INSTRUCTIONS FOR THE TASK | Output the data below only from the line containing "Giấy viết tay" up to and including the line containing "小休憩に一度2ターンの間不可", exact and with the pictures left out.

INPUT MATERIAL |
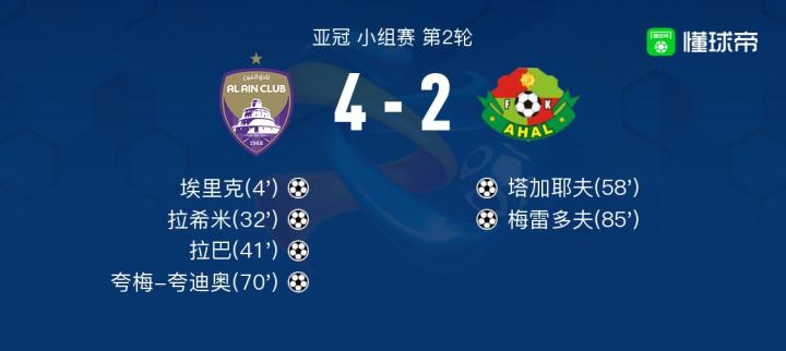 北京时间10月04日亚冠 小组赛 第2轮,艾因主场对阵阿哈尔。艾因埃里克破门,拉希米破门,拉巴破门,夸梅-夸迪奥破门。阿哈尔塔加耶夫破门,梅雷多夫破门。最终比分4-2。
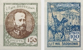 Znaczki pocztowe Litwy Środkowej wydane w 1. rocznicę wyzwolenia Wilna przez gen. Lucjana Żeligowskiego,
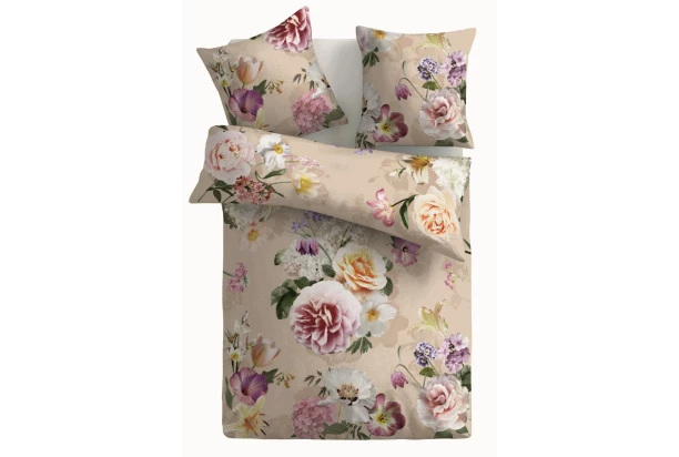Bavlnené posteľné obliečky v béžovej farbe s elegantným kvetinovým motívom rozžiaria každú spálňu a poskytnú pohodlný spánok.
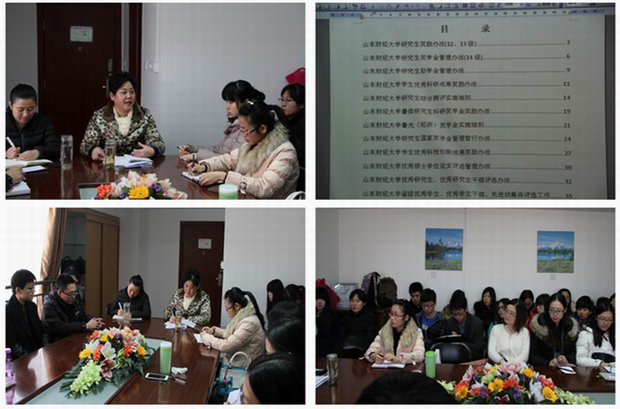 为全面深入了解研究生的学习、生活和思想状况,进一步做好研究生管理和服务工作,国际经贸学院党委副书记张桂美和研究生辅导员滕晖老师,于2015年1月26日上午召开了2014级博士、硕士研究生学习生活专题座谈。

--

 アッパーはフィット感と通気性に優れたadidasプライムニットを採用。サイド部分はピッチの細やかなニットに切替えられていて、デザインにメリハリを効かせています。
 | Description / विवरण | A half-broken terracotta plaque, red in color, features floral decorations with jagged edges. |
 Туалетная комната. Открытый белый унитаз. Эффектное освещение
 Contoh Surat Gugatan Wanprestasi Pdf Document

...

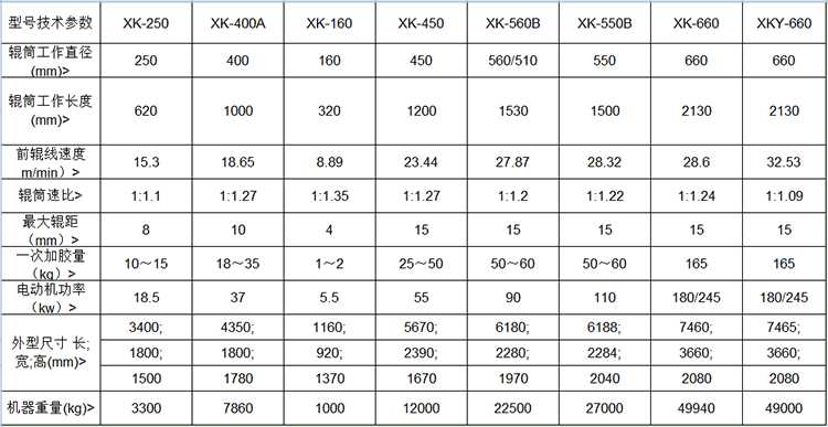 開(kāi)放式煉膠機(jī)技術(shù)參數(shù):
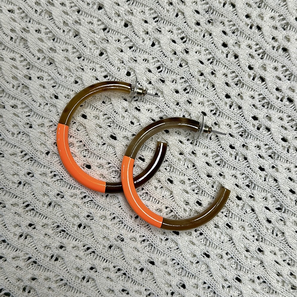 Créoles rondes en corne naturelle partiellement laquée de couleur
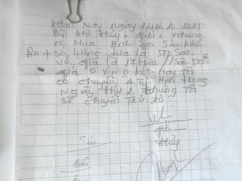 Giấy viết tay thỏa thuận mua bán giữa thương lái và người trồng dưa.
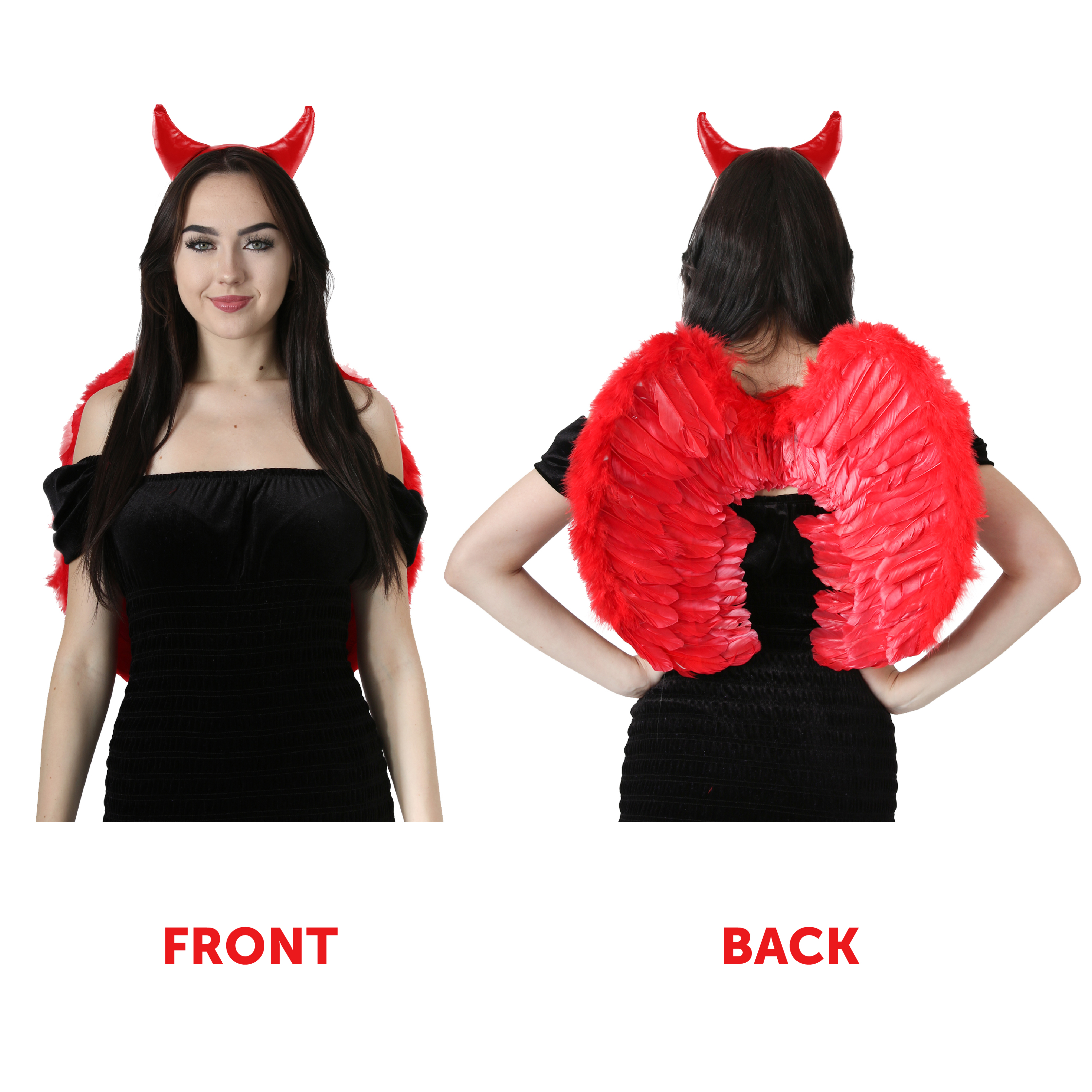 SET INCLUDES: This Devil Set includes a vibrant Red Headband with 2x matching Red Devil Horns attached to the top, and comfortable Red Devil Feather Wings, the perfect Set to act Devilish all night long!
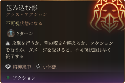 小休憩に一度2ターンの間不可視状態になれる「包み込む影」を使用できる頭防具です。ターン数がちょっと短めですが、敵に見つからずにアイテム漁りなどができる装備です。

RESPONSE |
 Giấy viết tay thỏa thuận mua bán giữa thương lái và người trồng dưa.
 SET INCLUDES: This Devil Set includes a vibrant Red Headband with 2x matching Red Devil Horns attached to the top, and comfortable Red Devil Feather Wings, the perfect Set to act Devilish all night long!
 小休憩に一度2ターンの間不可視状態になれる「包み込む影」を使用できる頭防具です。ターン数がちょっと短めですが、敵に見つからずにアイテム漁りなどができる装備です。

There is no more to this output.